FIG. 1 is a schematic of a flow process for upgrading bitumen and, using a plasma arc reactor, recovering fuel gases from the residue of the upgrader.



FIG. 2 is a schematic of an alternate flow process for upgrading bitumen and, using a plasma arc reactor, recovering fuel gases from the residue of the upgrader.





DETAILED DESCRIPTION

There are several methods to recover bitumen from an oil sands deposit. These are:

    • SAGD which uses steam to mobilize the bitumen and produces a mixture of hot bitumen and substantial water;
    • HAGD which uses heat to mobilize the bitumen and produces a mixture of hot bitumen and some water;
    • VAPEX which uses a diluent to mobilize the bitumen and produces a mixture of cold bitumen, diluent and some water
    • mechanically excavating which is a mining process typically producing an oil sand slurry. There are known processes to de-sand the slurry to produce a mixture of cold bitumen, and water; and
    • hydraulic mining which uses pressurized water to fragment the oil sand and produces an oil sand slurry. There are known processes to de-sand the slurry to produce a mixture of cold bitumen, and substantial water.

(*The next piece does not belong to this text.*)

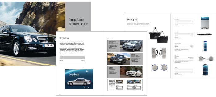 We worked on the visual direction and expansion of the new marketing concept, developement of the star-stream, the stage and the background for the cars. Following the existing Daimler brand guidelines, I designed flyer, folder, brochure, adverts, flags, banner and merchandising article in the style of the new sales strategy.
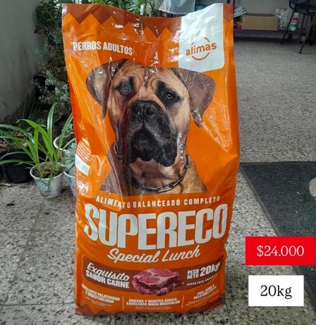 El alimento balanceado completo Supereco, sabor carne, de 20 kilos, cuesta 24.000 pesos para perros adultos.

In any of the above recovery processes, a mixture of bitumen, water and gases is recovered and can be further processed by the process of the present invention.


To illustrate the process of the present invention, an example of a relatively large 40,000 barrel per day SAGD operation is used for illustration. As can be appreciated, the process of the present invention can be applied to all the above methods of bitumen recovery. Only the relative amounts of water produced and the requirements for a mobilizing agent (such as steam for SAGD or diluent for VAPEX) are different.

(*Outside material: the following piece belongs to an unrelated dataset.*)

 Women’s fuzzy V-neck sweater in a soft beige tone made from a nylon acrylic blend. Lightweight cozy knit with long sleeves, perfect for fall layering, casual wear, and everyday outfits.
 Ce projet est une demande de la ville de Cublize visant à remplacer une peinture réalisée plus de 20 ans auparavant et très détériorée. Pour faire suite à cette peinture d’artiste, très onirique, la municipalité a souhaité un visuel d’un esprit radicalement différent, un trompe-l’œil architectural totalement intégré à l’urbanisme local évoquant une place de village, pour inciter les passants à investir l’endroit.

FIG. 1 shows a schematic flow chart of the process of the present invention. The main pathways of this process are:

    • bitumen-water separation;
    • bitumen upgrade by de-asphalting;
    • water treatment;
    • cracking of upgrading residue to produce paraffins and impurities;
    • separation of light paraffins and impurities by refrigeration;
    • steam and electrical power generation; and
    • flue gas clean-up.


The process of the present invention combines any one of several known partial upgrading processes with a plasma arc reactor, a gas refrigeration plant, a circular fluidized boiler and back-end flue gas clean-up to produce a substantially self-contained, self-powered bitumen or heavy oil recovery facility.


A unique aspect of the process of the present invention is the use of plasma arc technology to convert residue from the bitumen upgrader process to recover paraffins (CnH2n+2) and other gases. For example, hydrogen H2, methane CH4 and ethane C2H6 may be recovered, separated and used as fuel gases to produce steam and electrical power. Liquid Natural Gases (“LNGs”) such as propane C3H8, n-butane C4H10 and n-pentane C5H12 may be recovered separately and may be sold as a product.


Feed Stock

Heavy oils and bitumens (API less than ˜15°) contain a much larger proportion of non-distillable asphaltic residual material than do conventional oils (API greater than ˜30°). The asphaltic residual material is comprised primarily of asphaltenes and resins. Typically heavy oils and bitumens contain upwards of 20 to 30% asphaltenes. The raw feedstock for the process of the present invention is bitumen or heavy oil recovered by a mining or in-situ operation.


An example of a mining operation would be a hydraulic mining operation which produces an oil sand slurry. An example of hydraulic mining conducted from an underground workspace is disclosed in U.S. patent application Ser. No. 11/944,013 filed Nov. 21, 2007 entitled “Recovery of Bitumen by Hydraulic Excavation”. The bitumen, water and sand from a hydraulic mining operation can be separated, for example, by hydrocyclone methods. An example of this method of separation is disclosed in U.S. Pat. No. 7,128,375 issued Oct. 31, 2006, entitled “A Method and Means for Recovering Hydrocarbons from Oil Sands by Underground Mining”.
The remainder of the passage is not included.